(Given entries Opens)
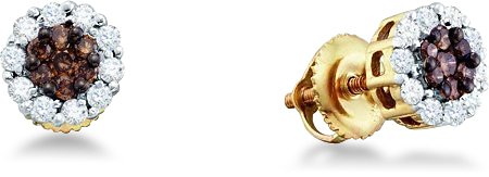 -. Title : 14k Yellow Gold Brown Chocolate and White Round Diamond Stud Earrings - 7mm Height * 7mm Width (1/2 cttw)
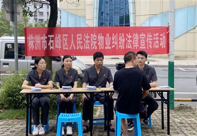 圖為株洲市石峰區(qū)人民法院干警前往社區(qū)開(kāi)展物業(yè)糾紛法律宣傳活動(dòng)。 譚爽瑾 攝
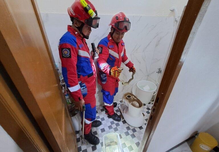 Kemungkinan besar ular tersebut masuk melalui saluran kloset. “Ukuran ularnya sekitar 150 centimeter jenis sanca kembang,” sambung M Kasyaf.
(Given entries Closes)
(Given entries Opens)
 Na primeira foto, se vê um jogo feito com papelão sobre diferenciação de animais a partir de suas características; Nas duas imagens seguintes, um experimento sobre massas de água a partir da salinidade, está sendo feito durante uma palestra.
(Given entries Closes)
▶ [Work instructions] Nothing but the lines from the one containing "-. Title : 14k" through the one containing "Kemungkinan besar ular" should appear, copied exactly from the material above and without pictures.

▶ [Exercise response]
 -. Title : 14k Yellow Gold Brown Chocolate and White Round Diamond Stud Earrings - 7mm Height * 7mm Width (1/2 cttw)
 圖為株洲市石峰區(qū)人民法院干警前往社區(qū)開(kāi)展物業(yè)糾紛法律宣傳活動(dòng)。 譚爽瑾 攝
 Kemungkinan besar ular tersebut masuk melalui saluran kloset. “Ukuran ularnya sekitar 150 centimeter jenis sanca kembang,” sambung M Kasyaf.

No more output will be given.